School of Public Health, University of Saskatchewan, 107 Wiggins Road, Saskatoon.
Health Rep. 2009 Dec;20(4):21-9.
In Canada, the prevalence of behavioural risk factors and chronic conditions differs for Aboriginal and non-Aboriginal populations, but little research has examined changes over time. This study compares several major risk factors and chronic conditions in Aboriginal and non-Aboriginal populations not living on reserves in the North (Yukon, Northwest Territories, Nunavut) and in southern Canada at two time points.
The data are from cycle 1.1 (2000/2001) and cycle 3.1 (2005/2006) of the Canadian Community Health Survey: 115,990 respondents aged 20 or older, and 118,716 respondents, respectively. Overall, 3.8% of respondents reported Aboriginal cultural or racial background. Crude prevalence estimates, adjusted odds ratios, and bootstrap-derived confidence intervals were calculated for seven risk factors and nine chronic conditions at each time point.

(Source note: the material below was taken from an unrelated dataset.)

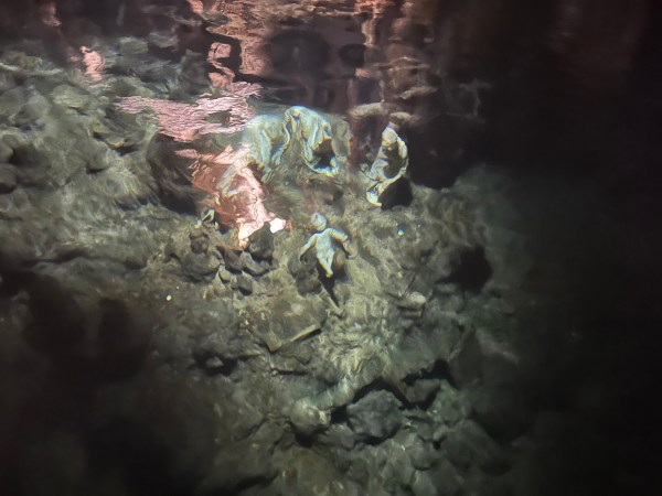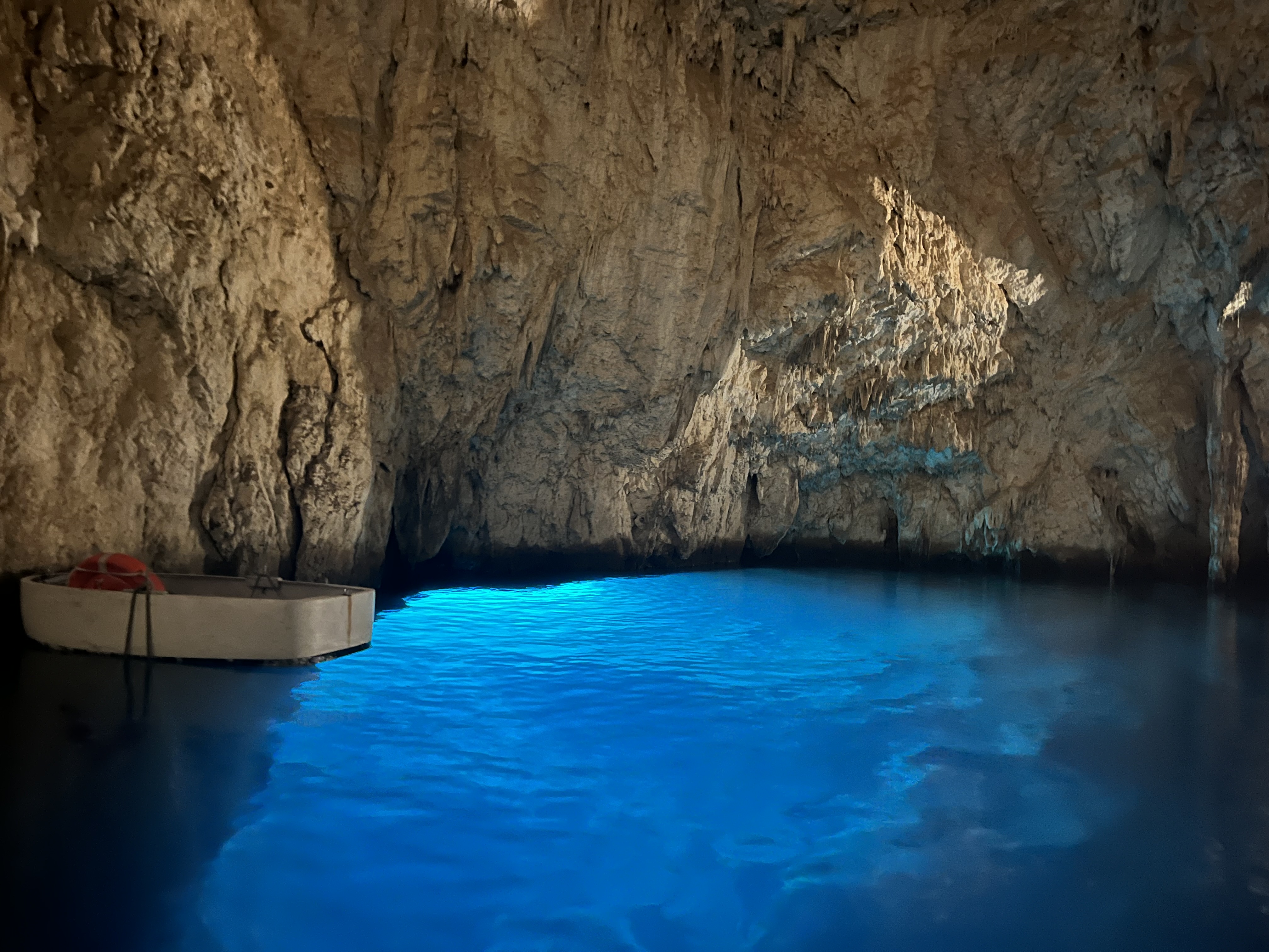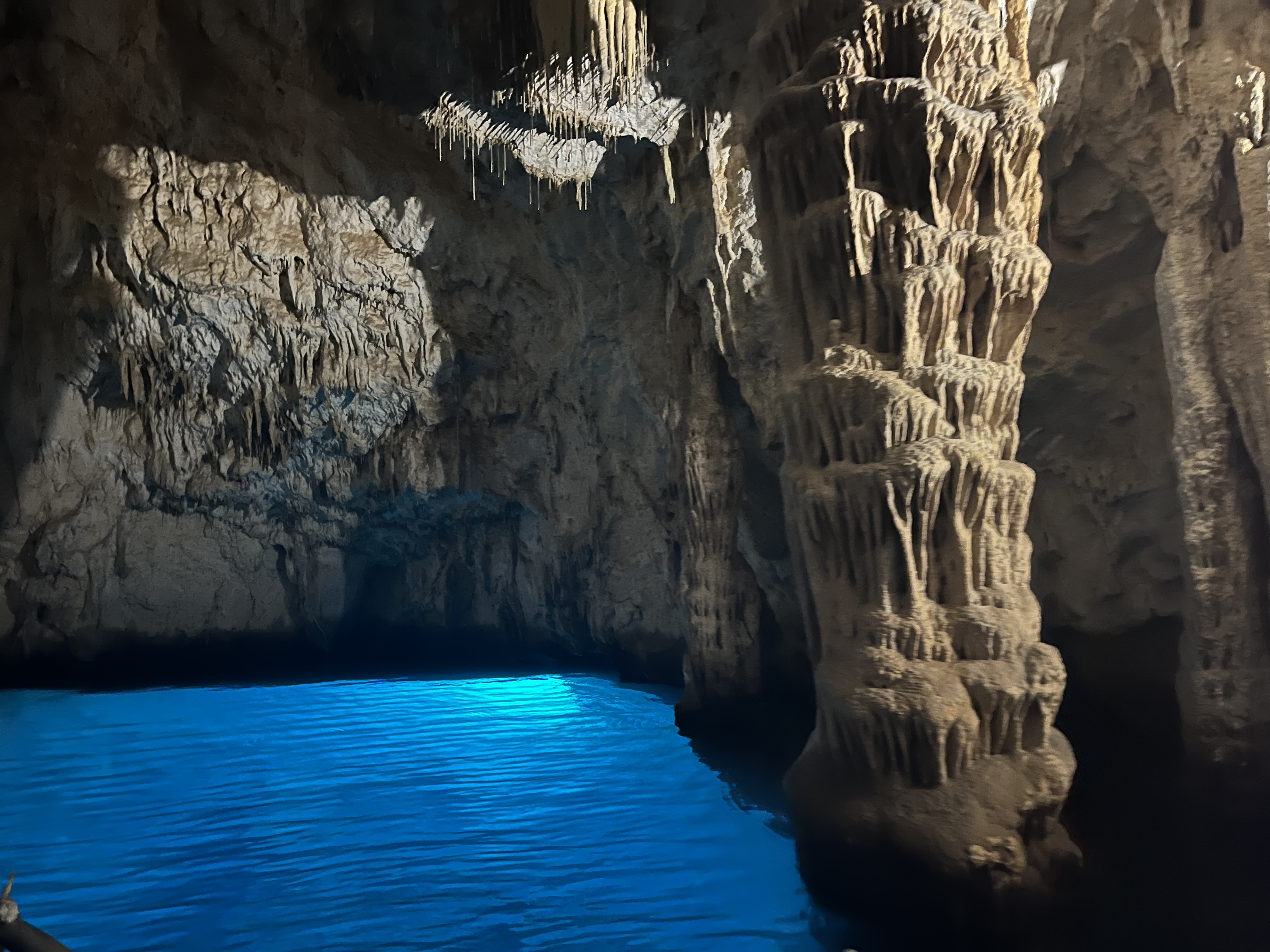 Peștera este legată de mare printr-un pasaj subacvatic ce aduce lumina și creează niște culori absolut superbe

In 2000/2001, Aboriginal people in the North were more likely than those in southern Canada to be obese, smoke daily and have infrequent physical activity, but less likely report a number of chronic conditions. Between 2000/2001 and 2005/2006, the odds of reporting risk factors increased among Aboriginal people in the North, and differences in the prevalence of chronic diseases were less pronounced. Few differences between non-Aboriginal respondents in the North and in southern Canada were observed.
Compared with southern Canada, the profile of health is changing more rapidly for Aboriginal than non-Aboriginal populations in the North, and appears to be worsening for the former.

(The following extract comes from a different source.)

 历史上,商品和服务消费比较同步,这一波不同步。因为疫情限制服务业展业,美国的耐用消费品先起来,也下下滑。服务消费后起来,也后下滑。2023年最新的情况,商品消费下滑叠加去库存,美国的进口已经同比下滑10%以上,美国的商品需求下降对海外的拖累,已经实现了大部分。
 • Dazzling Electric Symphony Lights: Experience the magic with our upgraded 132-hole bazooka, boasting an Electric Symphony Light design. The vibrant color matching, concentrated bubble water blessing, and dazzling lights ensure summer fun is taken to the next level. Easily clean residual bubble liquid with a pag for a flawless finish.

在加拿大,行为风险因素和慢性病的流行情况在原住民和非原住民群体中有所不同,但很少有研究关注其随时间的变化。本研究比较了在北部(育空地区、西北地区、努纳武特地区)和加拿大南部的非保留地居住的原住民和非原住民群体在两个时间点的几个主要风险因素和慢性病。
数据来自加拿大社区健康调查的第 1.1 周期(2000/2001 年)和第 3.1 周期(2005/2006 年),分别有 115990 名年龄在 20 岁或以上和 118716 名受访者。总体而言,有 3.8%的受访者报告了原住民的文化或种族背景。在每个时间点,计算了七个风险因素和九个慢性病的粗患病率估计值、调整后的优势比和自举衍生置信区间。
2000/2001 年,北部的原住民比加拿大南部的原住民更有可能肥胖、每天吸烟和很少进行体育锻炼,但报告的慢性疾病较少。在 2000/2001 年至 2005/2006 年期间,北部原住民报告风险因素的几率增加,慢性病的流行率差异不太明显。在北部的非原住民受访者和加拿大南部的受访者之间观察到的差异很少。
与加拿大南部相比,北部原住民的健康状况变化速度快于非原住民,前者的状况似乎在恶化。